Rapid foundation SST Warming Captured by Alamo Floats during the Suppressed Phase of the MJO

Je-Yuan Hsu, Commonwealth Scientific and Industrial Research Organisation, Crawley, Australia; National Taiwan University, Institute of Oceanography, Taipei, Taiwan, Ming Feng, CSIRO, Oceans and Atmosphere, Crawley, WA, Australia and Susan Wjiffels, CSIRO Hobart, Hobart, TAS, Australia
Centre of Southern Hemisphere Oceans Research (CSHOR) conducted a field experiment in the tropical warm pool around the end of November 2018, to explore the importance of strong diurnal SST variations to the onset of MJO events. Six Alamo floats with high vertical resolution ≤ 1 m in the upper 50-m ocean were deployed, and measured strong diurnal SST variation (DV SST) > 2 °C from Dec 2nd to 4th 2018, about 10 days before the active phase of one MJO event.
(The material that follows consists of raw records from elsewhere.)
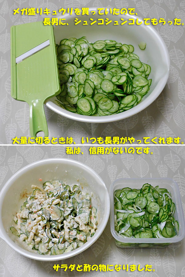 大量にキュウリを切るときは、長男の役目になっていたんですよ。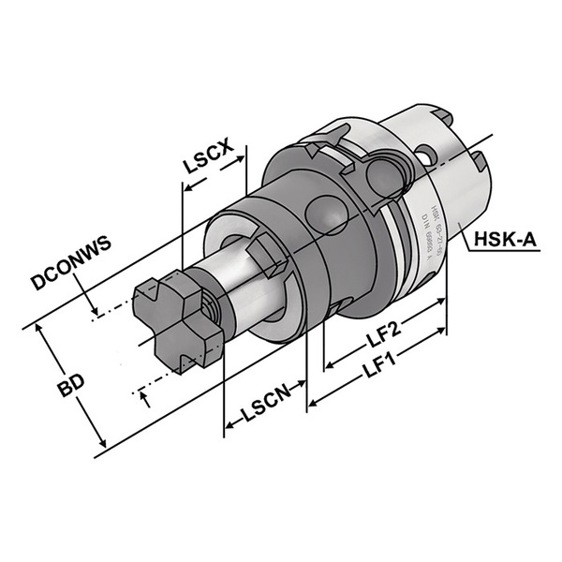 Produktinformationen "Kombiaufsteckfräsdorn ISO 12164 A – Spann D.16mm HSK-A100 – Länge 60mm – KEMMLER"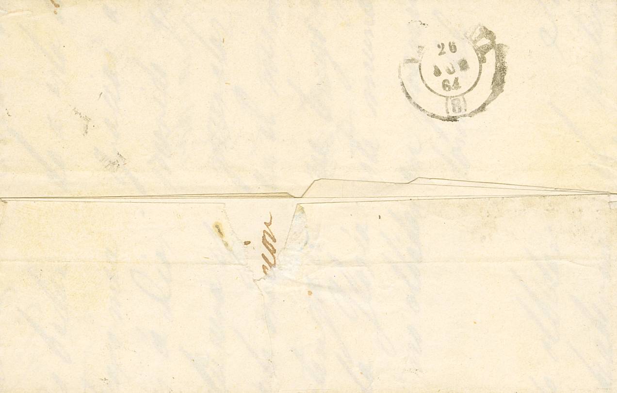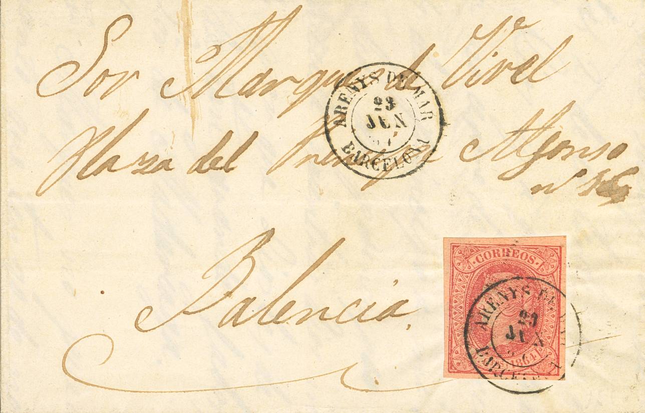 64. 1864. 4 cuartos rojo. AREYNS DEL MAR (BARCELONA) a VALENCIA. Matasello AREYNS DEL MAR / BARCELONA. MAGNIFICA.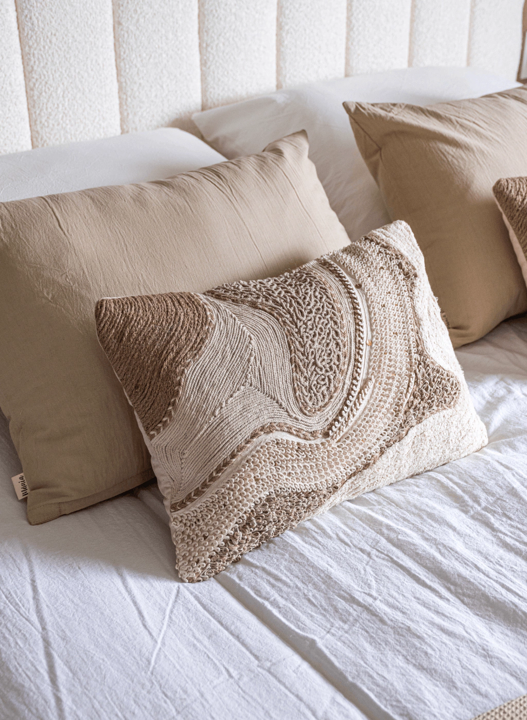 Traé a tu hogar la esencia de la India con este almohadón importado, diseñado con yute y con texturas que enamoran a primera vista. Su tamaño ideal de 60x40 cm lo hace perfecto para complementar cualquier espacio. Completá el set con el almohadón India 50x50 del mismo estilo y transformá tu decoración con un toque auténtico y sofisticado. ¡Un detalle único para ambientes con personalidad!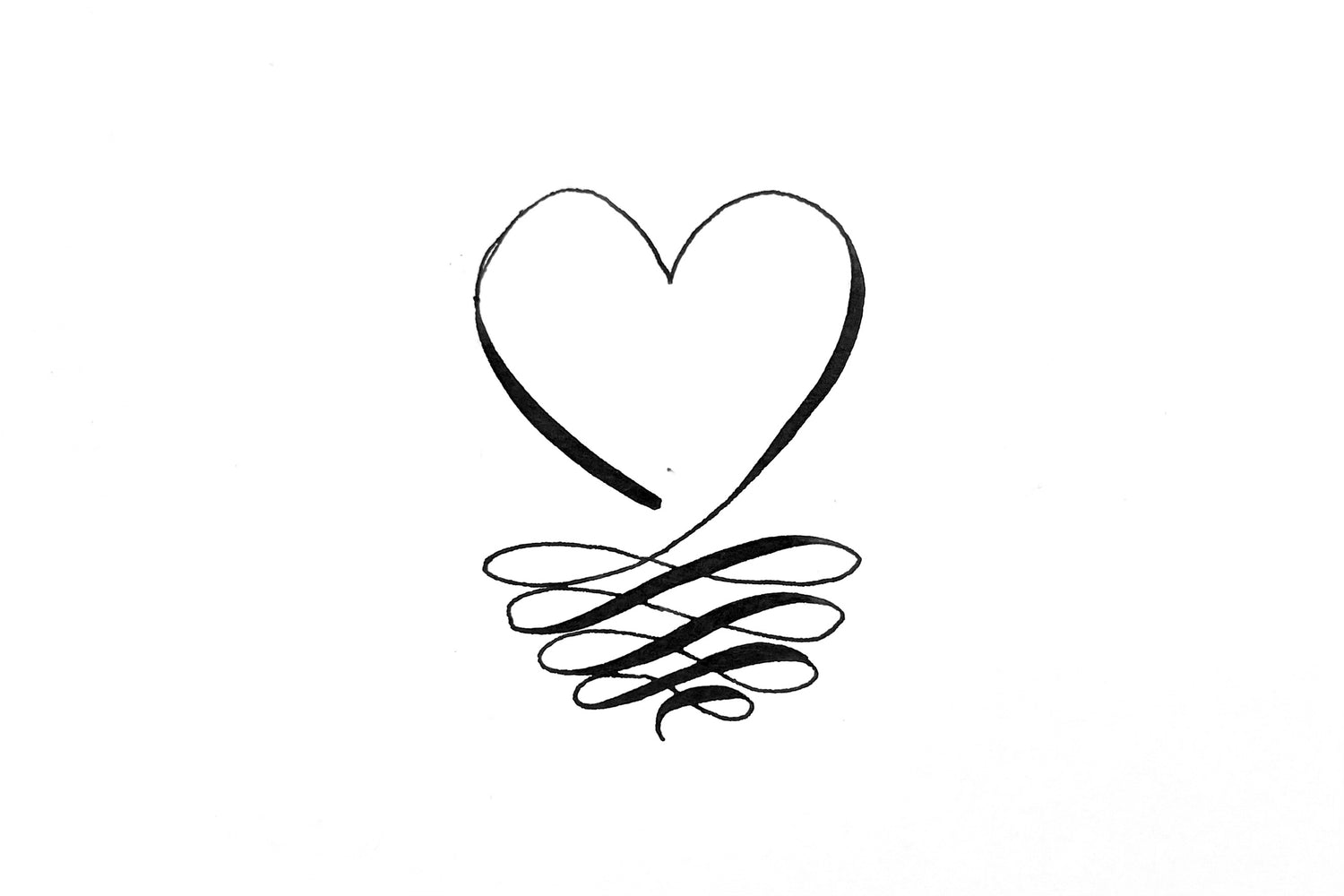 Rotate the paper 90 degrees to begin the flourish. Be careful not to smudge the wet ink on the heart. The flourish is made of the same basic figure-of-8s we practiced in the Flex Basics tutorial
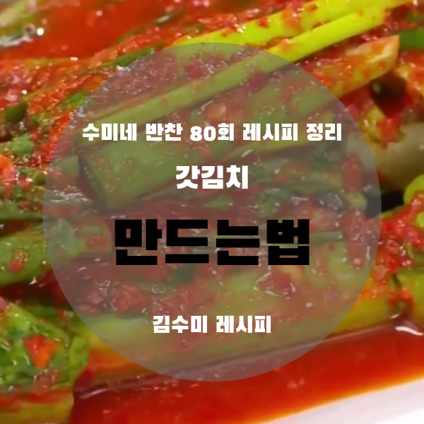 그럼 지금부터 수미네 반찬 김수미 선생님의 갓 물김치 담그는법과 갓김치 담는법 정리해보도록 하겠습니다. :)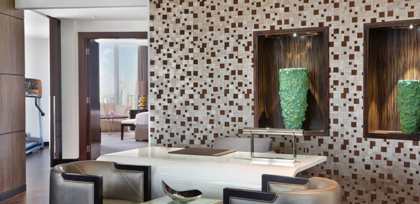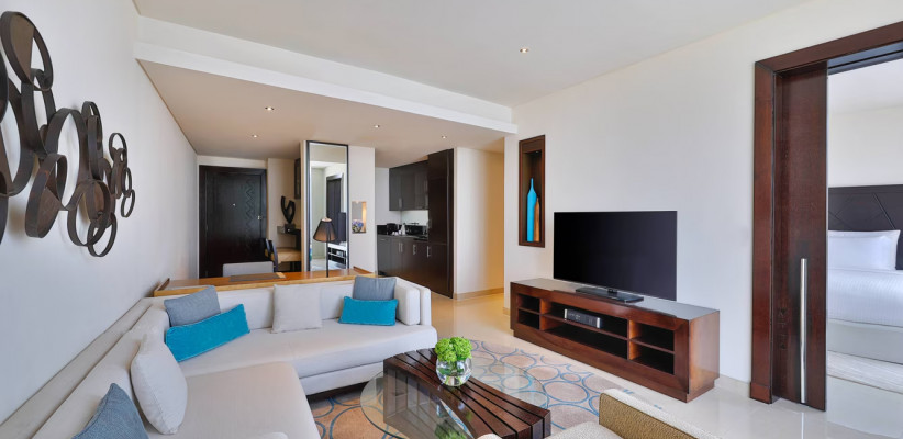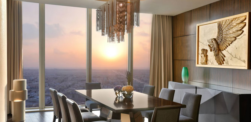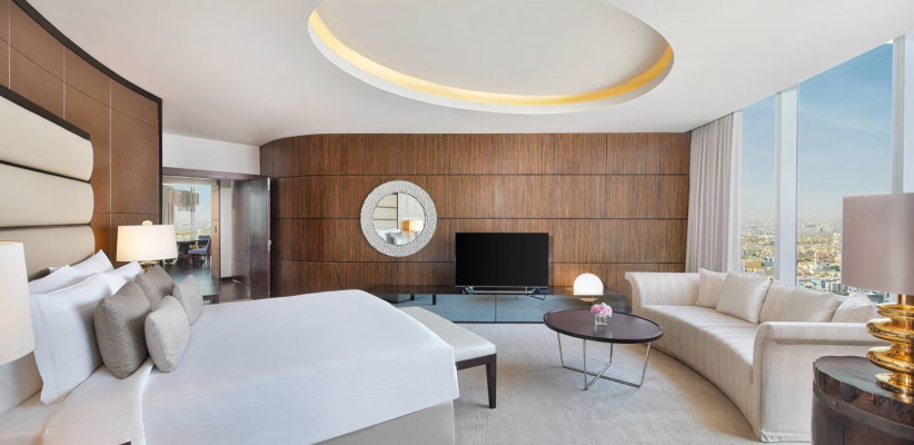 121 м2, вид на город, двуспальная кровать, гостиная с обеденной зоной, 2 ванные комнаты. Доступ в клубный лаунджBurj Rafal Suite 3-bedroom
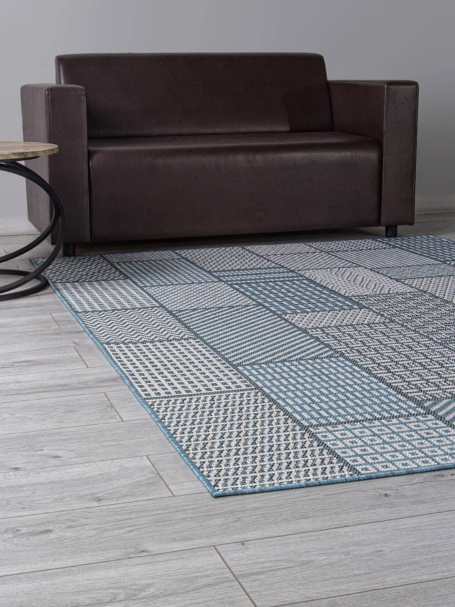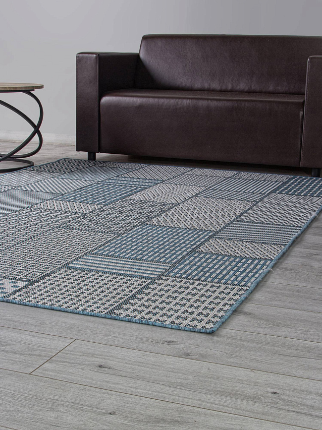 Коротко: «Ковер KAIR S160 BLUE» (KAIR, MERINOS) — ковер для дома, гостиной. материал: полипропилен, стиль: в современном стиле, цвет: серый, синий, тип ворса: Безворсовый, Циновка, плотность: 128000 точек/м², основа: джут, подходит для современного интерьера, страна производства: Россия.
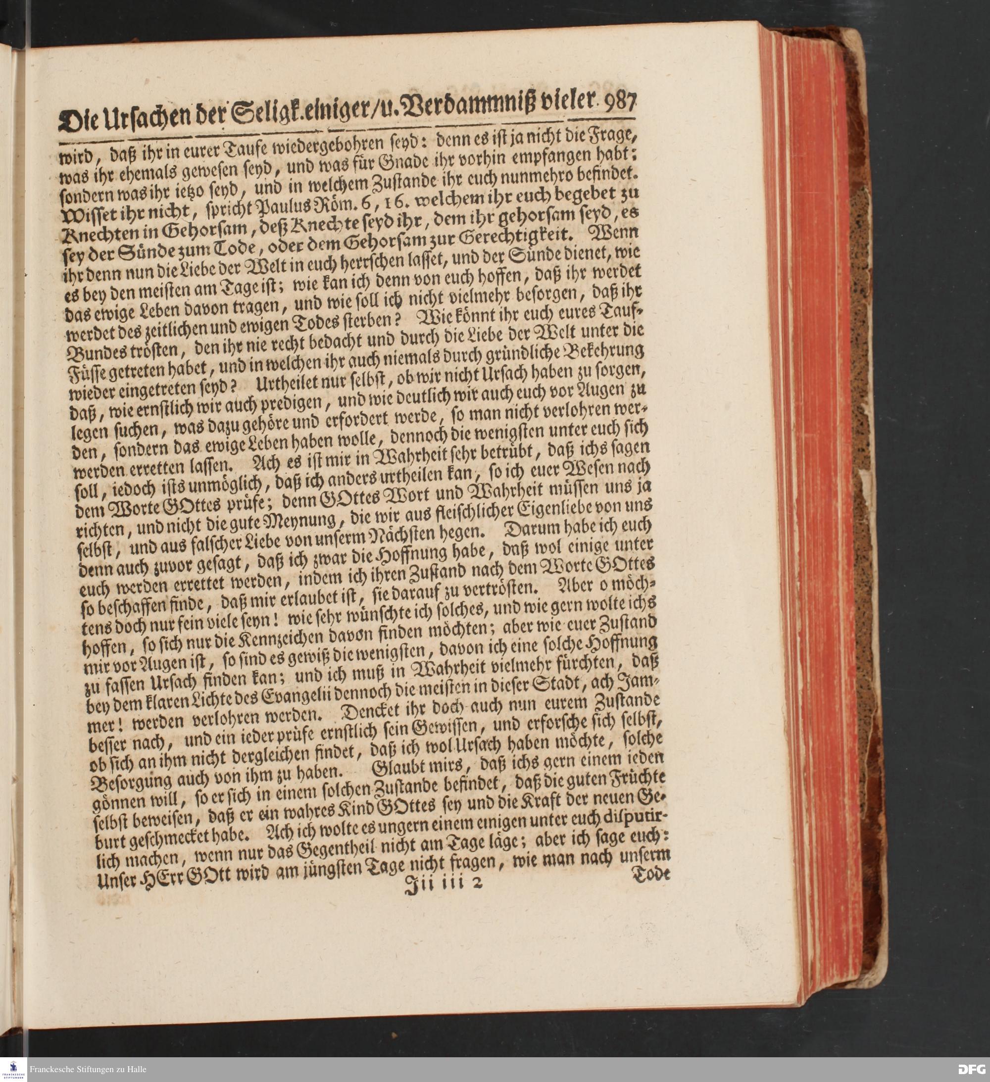 August Hermann Franckens, S.Theol.Prof.und Past. Sonn= und Fest=Tags=Predigten / Welche Theils in Halle, theils an verschiedenen auswärtigen Oertern, von wichtigen und auserlesenen Materien gehalten worden, Nebst Vorbereitung auf die hohen Feste und nützlichen Registern. Dritte Auflage. HALLE, gedruckt und verlegt im Wäysen=Hause MDCCXL. Mit Königl.Preuß.und Churfl.Brandenb.Privileg.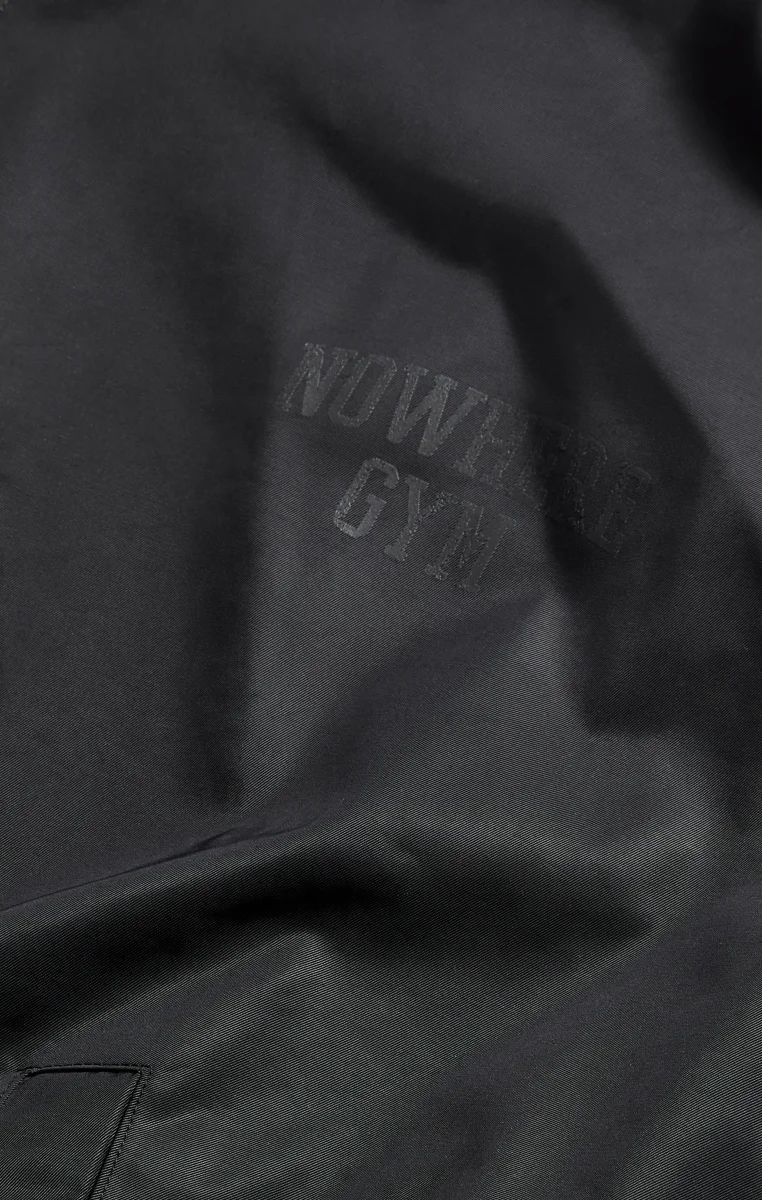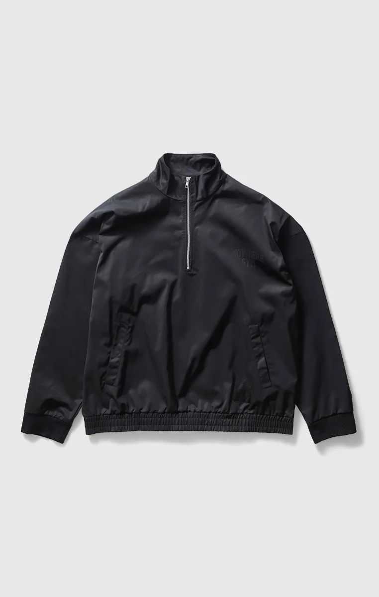 This unisex nylon top is part of the Nowhere Gym collection, designed for those who train anywhere, beyond the boundaries of the traditional gym. Made from recycled nylon with a water-repellent finish, it is a functional, urban piece built to support movement in any environment. The essential design, intentionally raw and in constant evolution, reflects the collection’s aesthetic, where imperfection becomes a defining feature. The loose fit ensures comfort and freedom of movement, while the half-zip closure adds versatility and attitude.@@@Loose Customized fit, very oversized fit |Woven recycled nylon fabric with water-repellent finish |Composition: 100% Polyamide |Weight: 35 g/m² |High neck with half-zip closure |Integrated side pockets |Elasticated hem and cuffs |Minimal design inspired by the Nowhere Gym aesthetic |Limited edition garment

Interestingly, the foundation SST (SSTfnd) at three floats increases rapidly from 26.4 °C to more than 27.6 °C after the presence of strong DV SST, much faster than that at the other float (9205), even the floats are < 50 km away. The thick diurnal warm layer (DWL) with strong temperature stratification acting as a barrier layer, may reduce the SST cooling due to the nighttime convective mixing and facilitate the restratification in the surface mixed layer. The restratified upper ocean may sustain the high SST thereby the SSTfnd warming to enhance the daily mean air-sea heat fluxes until the onset of MJOs. The absence of rapid SSTfnd warming at the float 9205 may be due to the salt-finger instability for eroding the restratification. The KPP mixing in the 1-D ROMS is used for simulating the SST variations. Increasing the vertical resolution to < 1 m in the upper 20 m improves the simulated magnitude of DV SST, but fails to predict the rapid SSTfnd warming, presumably due to inappropriate diffusivity for simulating the DWL structure. Because the predictions on the SST variations can largely affect the air-sea heat fluxes to the MJOs thereby the monsoon onset, future field measurements on the diffusivity during diurnal warming are required for improving the global model forecast.